**WHAT YOU HAVE TO DO:** Of the lines in the data below, write out exactly those from the one holding "Elektra Zadar izvijestila" through the one holding "Weitese Dress Sleeveless", both included.

**GIVEN RECORDS:**
-*-*-
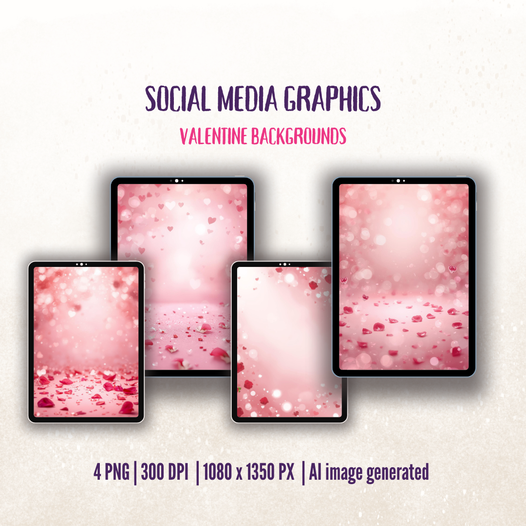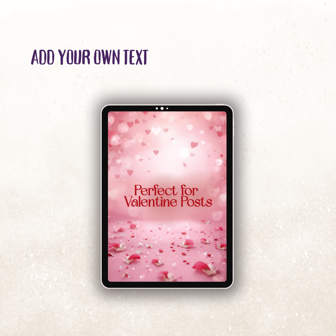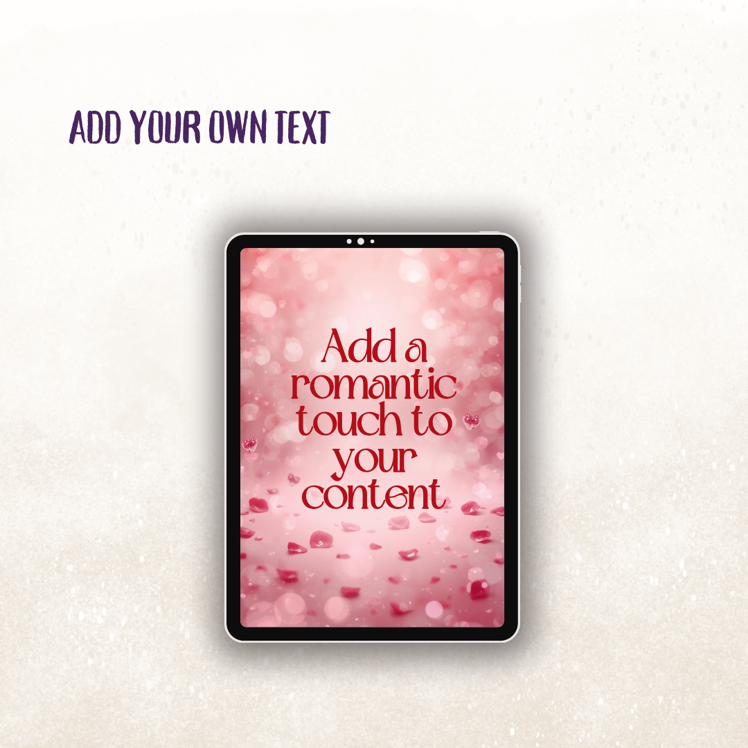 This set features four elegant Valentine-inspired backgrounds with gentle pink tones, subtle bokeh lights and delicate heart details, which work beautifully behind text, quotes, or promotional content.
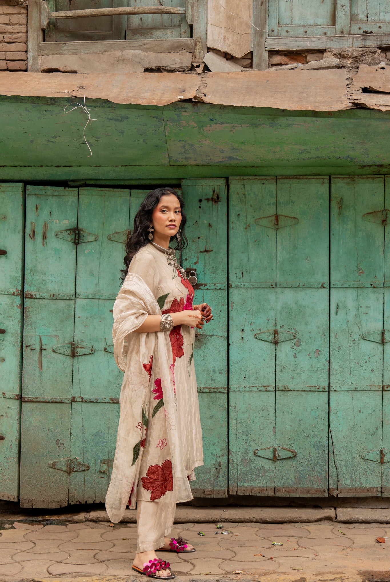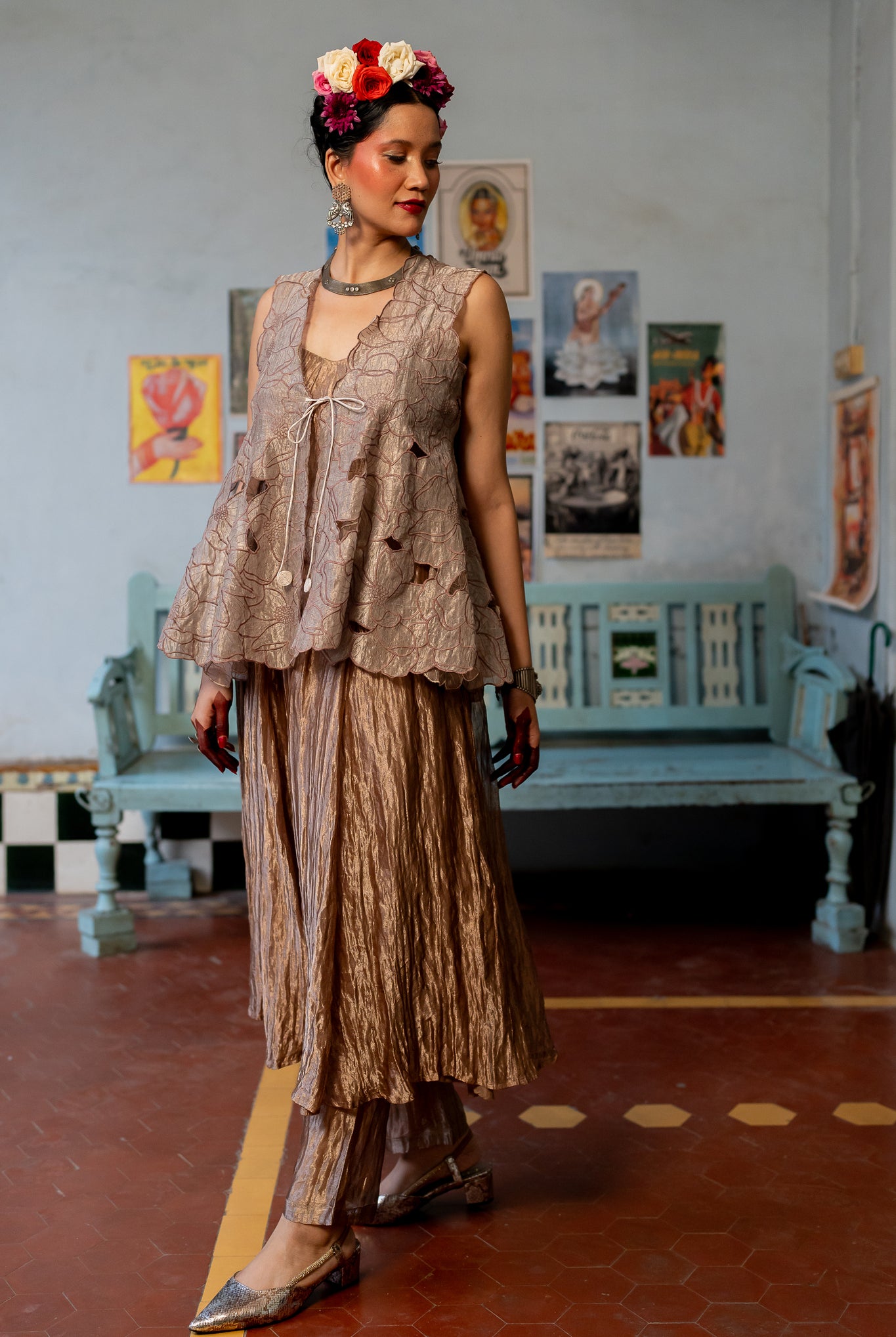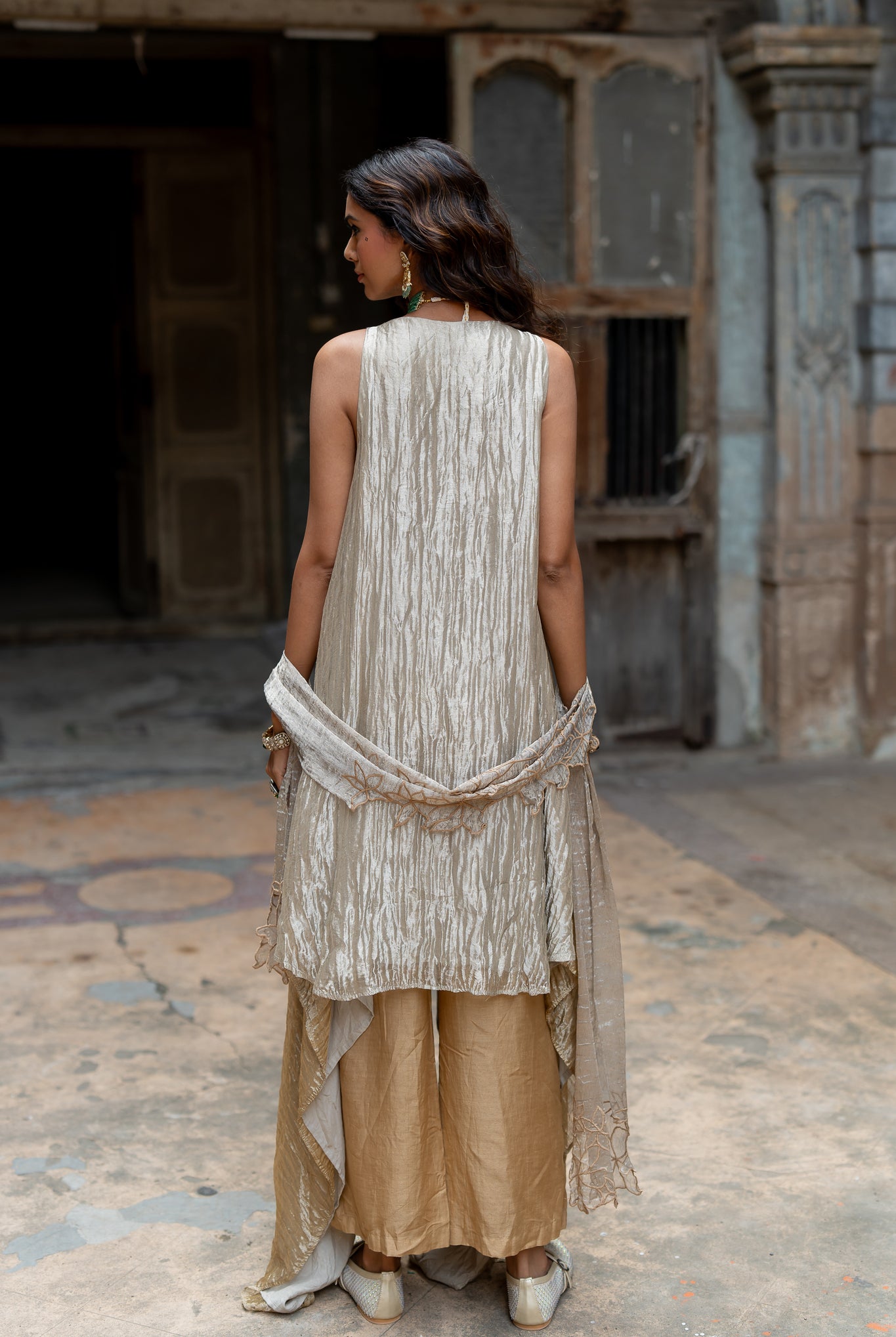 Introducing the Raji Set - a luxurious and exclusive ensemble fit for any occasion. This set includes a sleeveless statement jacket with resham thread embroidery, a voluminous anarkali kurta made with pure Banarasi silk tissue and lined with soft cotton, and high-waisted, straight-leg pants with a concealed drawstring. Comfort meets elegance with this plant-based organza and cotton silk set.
-*-*-
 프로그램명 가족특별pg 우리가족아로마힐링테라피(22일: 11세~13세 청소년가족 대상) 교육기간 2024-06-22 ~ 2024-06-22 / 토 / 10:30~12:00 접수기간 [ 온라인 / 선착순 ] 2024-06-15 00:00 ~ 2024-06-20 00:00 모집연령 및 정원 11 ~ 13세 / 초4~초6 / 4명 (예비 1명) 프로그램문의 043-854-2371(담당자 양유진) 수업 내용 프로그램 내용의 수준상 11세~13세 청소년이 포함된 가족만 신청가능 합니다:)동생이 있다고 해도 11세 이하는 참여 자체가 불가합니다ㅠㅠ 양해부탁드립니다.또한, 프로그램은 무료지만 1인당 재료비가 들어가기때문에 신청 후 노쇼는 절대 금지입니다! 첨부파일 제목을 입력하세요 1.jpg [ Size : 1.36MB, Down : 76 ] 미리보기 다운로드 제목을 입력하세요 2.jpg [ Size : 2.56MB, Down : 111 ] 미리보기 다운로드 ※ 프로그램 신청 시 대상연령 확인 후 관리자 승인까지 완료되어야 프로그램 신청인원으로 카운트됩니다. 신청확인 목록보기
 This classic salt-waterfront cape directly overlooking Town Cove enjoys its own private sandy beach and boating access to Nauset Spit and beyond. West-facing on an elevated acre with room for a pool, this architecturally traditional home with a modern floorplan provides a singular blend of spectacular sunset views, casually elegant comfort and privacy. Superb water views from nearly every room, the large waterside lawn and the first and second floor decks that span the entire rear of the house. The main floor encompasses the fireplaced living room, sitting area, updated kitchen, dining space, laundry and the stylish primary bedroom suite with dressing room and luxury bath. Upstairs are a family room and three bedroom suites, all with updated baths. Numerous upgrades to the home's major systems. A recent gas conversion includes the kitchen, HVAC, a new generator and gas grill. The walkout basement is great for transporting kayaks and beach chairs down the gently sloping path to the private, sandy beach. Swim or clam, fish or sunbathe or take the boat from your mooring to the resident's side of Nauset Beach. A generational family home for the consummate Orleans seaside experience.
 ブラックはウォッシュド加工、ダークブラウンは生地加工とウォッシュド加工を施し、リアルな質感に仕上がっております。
-*-*-
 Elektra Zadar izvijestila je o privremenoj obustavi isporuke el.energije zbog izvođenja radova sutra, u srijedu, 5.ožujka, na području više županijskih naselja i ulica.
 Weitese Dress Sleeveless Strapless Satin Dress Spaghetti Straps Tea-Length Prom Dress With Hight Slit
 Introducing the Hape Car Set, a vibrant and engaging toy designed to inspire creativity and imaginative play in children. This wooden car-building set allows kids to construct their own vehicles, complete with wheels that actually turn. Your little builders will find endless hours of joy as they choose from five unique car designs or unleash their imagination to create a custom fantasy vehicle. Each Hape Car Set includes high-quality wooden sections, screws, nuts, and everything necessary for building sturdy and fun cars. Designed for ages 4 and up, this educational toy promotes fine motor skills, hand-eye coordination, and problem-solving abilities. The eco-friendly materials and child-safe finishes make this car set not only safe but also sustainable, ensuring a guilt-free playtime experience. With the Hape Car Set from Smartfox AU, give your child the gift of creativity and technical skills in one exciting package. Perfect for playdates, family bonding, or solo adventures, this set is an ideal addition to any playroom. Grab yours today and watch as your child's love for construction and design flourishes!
-*-*-
**ANSWER BELOW:**
 Elektra Zadar izvijestila je o privremenoj obustavi isporuke el.energije zbog izvođenja radova sutra, u srijedu, 5.ožujka, na području više županijskih naselja i ulica.
 Weitese Dress Sleeveless Strapless Satin Dress Spaghetti Straps Tea-Length Prom Dress With Hight Slit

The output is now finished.